Фра Пиет со свистом втянул воздух — «Осторожнее, — торопливо подумал Маррон, — не то он обвинит и тебя, менестреля, перед главами Ордена», — но исповедник сказал только:
— Они лазутчики, которые пытаются спрятаться среди верных!
— И младенец тоже лазутчик? Больше похоже, что они испугались, оказавшись в тени замка, и решили спрятаться. Где тут староста?
Мимо Маррона, расталкивая толпу, прошла группа человек в двенадцать — должно быть, староста был одним из них. Они шустро поднялись по ступеням, говоря сразу со всеми: со священником, с Раделем, с фра Пиетом и друг с другом. В этом гаме Маррон мог расслышать только плач ребёнка, который мешался с засевшим у него в голове плачем совсем другого младенца, со страшным звуком и с молчанием того же младенца.
Наконец спорившие на ступенях люди приняли своеобразное решение. Мужчину и женщину привязали к колоннам — при этом руки женщины оставили свободными, чтобы она могла держать своего ребёнка. Всех троих надлежало забрать в Рок после молитвы, дабы над ними свершился суд прецептора.
Деревенские жители ринулись в храм, и отряд по команде фра Пиета последовал за ними. Радель поманил за собой Маррона, и они тоже вошли и преклонили колена у самой дальней стены, чуть ли не в дверях — больше места в храме не оставалось.
Фра Пиет сам вёл службу, разрешив все сомнения Маррона касательно незнакомого обряда. Исповедник предпочитал заставить местных сбиваться и путаться в незнакомых словах, бормотать и замолкать при звуках незнакомой речи в их собственном храме — только бы его собственный отряд оставался чист.

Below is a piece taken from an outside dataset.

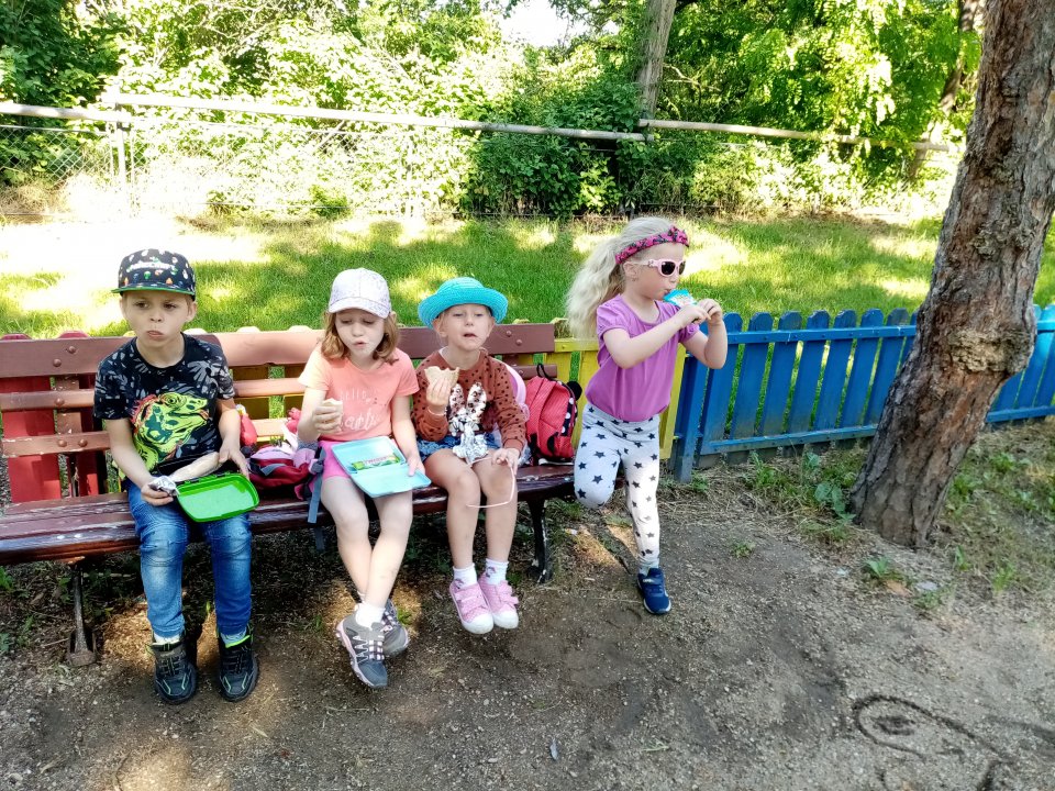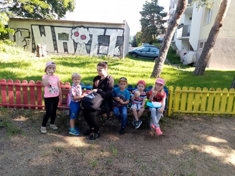 Procítili jsme vůni jara, vůni černého bezu i posečené louky. Nechali jsme se hladit a česat vánkem. Pohladili jsme si kůru stromů, ochutnali jsme lesní jahody a hleděli jsme do oblak........

Маррон, умевший обратить все свои мысли и свой духовный взгляд к Господу почти всегда, когда молился с сьером Антоном, не мог сделать того же, слушая, как вёл службу фра Пиет. Как бы глубока ни была вера исповедника, он не обладал даром делиться ею. Его голос звучал так, словно он выполнял какую-то обязанность, необходимую, чтобы заставить остальных провести полчаса жаркого полдня среди потных тел и пения заученных слов.
Рука Маррона болела, глаза его бегали, а мысли никак не были связаны с тем, что произносили его уста. Всё его внимание было обращено наружу, на дверь за спиной, на троих людей, которые должны были заплатить за свой проступок земным хозяевам юноши. Он не сомневался в том, что они будут приговорены к смерти; ему уже доводилось видеть, как фра Пиет поверг весь отряд в безумство, и был уверен, что на суде исповедник сумеет склонить на свою сторону самого прецептора. Даже ребёнок умрёт, расплачиваясь за глупость родителей. А ведь Маррон уже видел, слышал, чувствовал, как в его руках умер ребёнок, умер по приказу фра Пиета. Второго раза он не мог вынести. Он должен был заплатить за эту смерть собственной жизнью или чьей-нибудь ещё, чтобы только заставить замолчать слышавшийся у него в голове плач, который обрывался молчанием. И не важно, как Господь управит эту сделку, лучшего выбора всё равно не оставалось, и Маррону нужно было совсем немного, чтобы решиться…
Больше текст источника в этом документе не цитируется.